Juan Vera lost three relatives when a strong earthquake that shook parts of Ecuador and Peru on Saturday brought down his niece’s home. The government has offered to pay for the woman’s funeral and those of her baby and her partner, but Vera wonders why local authorities allowed his relatives to live in such an old home to begin with.
“Because of its age, that building should have been demolished already,” Vera said outside the morgue in Ecuador’s community of Machala, where he was waiting for the three bodies to be released. “… I’m sorry, the mayor’s office is the entity that has to regulate these things through its planning departments so that the buildings are in good condition to be rented out or inhabited.”
The earthquake with about 6.8 magnitude, as reported by the U.S. Geological Survey, killed at least 15 people, injured hundreds and brought down homes and buildings in vastly different communities, from coastal areas to the highlands. But in Ecuador, regardless of geography, many of the homes that crumbled had a lot in common: They housed the poor, were old and did not meet building standards in the earthquake-prone country.
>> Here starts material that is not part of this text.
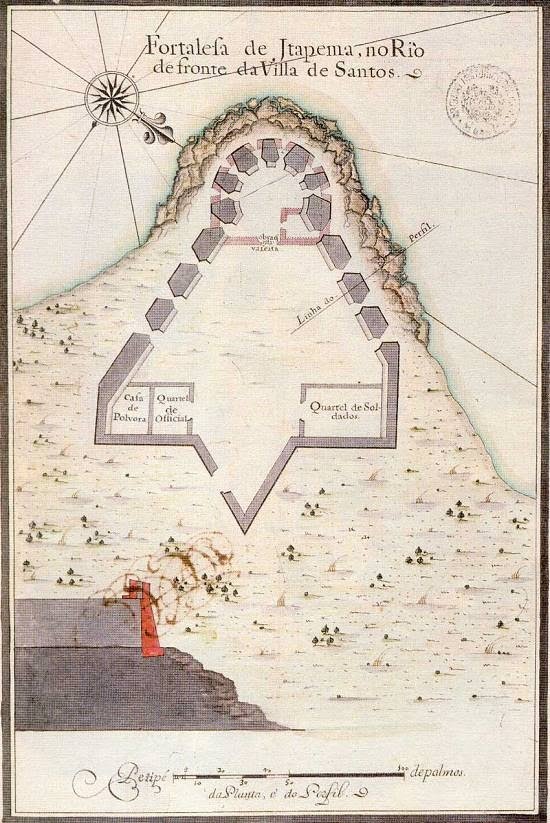 Mapa do século XVII indica posição do Forte de Itapema na Ilha de Santo Amaro com

The earthquake centered just off the Pacific Coast, about 80 kilometres south of Guayaquil, Ecuador’s second-largest city. One of the victims died in Peru, while 14 others died in Ecuador, where authorities also reported that at least 381 people were injured and dozens of homes, schools and health care centres were damaged.
The office of Ecuadorian President Guillermo Lasso reported that 12 of the victims died in the coastal state of El Oro and two in the highlands state of Azuay.